Thus we have justified the bounds given for \(r\) and \(v\) in the definition of \(PCRule \left( c, e, i \right)\). Thus we have a \(Delta\)-definition, and the set \(PCRULE\) is representable.

Now we have to remember where we were after we defined \(QRRule\). We are thinking of \(c\) as coding an alleged deduction from \(N\), and we need to check all of the entries of \(c\) to see if they are legal. We have already written \(\Delta\)-formulas \(LogicalAxiom\) and \(AxiomOfN\), and we are working on the rules of inference. The quantifier rules were relatively easy, so we then wrote a \(\Delta\)-formula \(PCRule \left( c, e, i \right)\) that is true if and only if \(e\) is the \(i^\text{th}\) entry of the deduction \(c\) and can be justified by the rule PC.

At last, we are able to decide if \(c\) is the code for a deduction from \(N\) of a formula with Gödel number \(f\):

\(Deduction \left( c, f \right) =\)

\[SequenceCode \left( c \right) \land Formula \left( f \right) \land \\ \left( \exists l < c \right) \left( SequenceLength \left( c, l \right) \land IthSequenceElement \left( f, l, c \right) \land \\ \left( \forall i \leq l \right) \left( \forall e < c \right) \left[ IthSequenceElement \left( e, i, c \right) \rightarrow \\ \left( LogicalAxiom \left( e \right) \lor AxiomOfN \left( e \right) \lor \\ QRRule \left( c, e, i \right) \lor PCRule \left( c, e, i \right) \right) \right] \right).\]
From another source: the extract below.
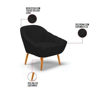 A poltrona Giovana é uma peça indispensável para momentos de descanso depois de um dia longo de trabalho. E não há nada melhor que poder relaxar em um móvel de extremo conforto não é mesmo! Afinal ela dará aquele toque de perfeição ao seu ambiente. Conta com uma estrutura reforçada em madeira eucalipto que oferece alta resistência e qualidade ao móvel. Produzida com Pés Palito Castanho que suportam até 120 kg, seu estofamento é com espuma de densidade D-23, revestido em tecido Veludo no tom Preto Luxo que contribui para que o assento fique firme por mais tempo. Sua durabilidade e conforto é seu diferencial. Você também amou? Então, é só escolher a Poltrona que tem mais a ver com a sua decoração.

This formula represents the set \(DEDUCTIONS \subseteq \mathbb{N}^2\) and shows that \(DEDUCTION\) is a representable set. Given Church's Thesis, this makes formal the ideas of Chapter 2, where it was suggested that we ought to be able to program a computer to decide if an alleged deduction is, in fact, a deduction. We said earlier that if a computer could decide whether an alleged axiom was an axiom, in other words, if the collection of axioms was representable, and whether a use of a rule of inference was legitimate, then it could check whether an alleged deduction was ok. This brings us to a slightly sticky point.

You will notice that we have carefully been using bounded quantification and that the formula \(Deduction \left( c, f \right)\) above is a \(\Delta\)-formula. But that depends on the fact that the collection of axioms \(N\) has a \(\Delta\)-definition, which is more restrictive than just saying that the collection of axioms is a representable set. So perhaps, if \(A\) is a representable set of axioms that does not have a \(\Delta\)-definition, we have a problem. Fortunately, this is not the case.

Suppose that \(A\) is a representable set of axioms. We know, via Exercises 13 and 14 of Section 5.3, that \(A\) has a numeralwise determined definition \(AxiomOfA \left( e \right)\). Furthermore, if we define the formula \(Deduction_A\) as above, replacing \(AxiomOfN\) with \(AxiomOfA\), then \(Deduction_A\) is a numeralwise determined formula that defines the set \(DEDUCTION_A\), and so the collection of codes of deductions from our representable set of axioms \(A\) is itself representable and our computer can, in fact, check whether an alleged deduction from \(A\) is, in fact, a deduction from A.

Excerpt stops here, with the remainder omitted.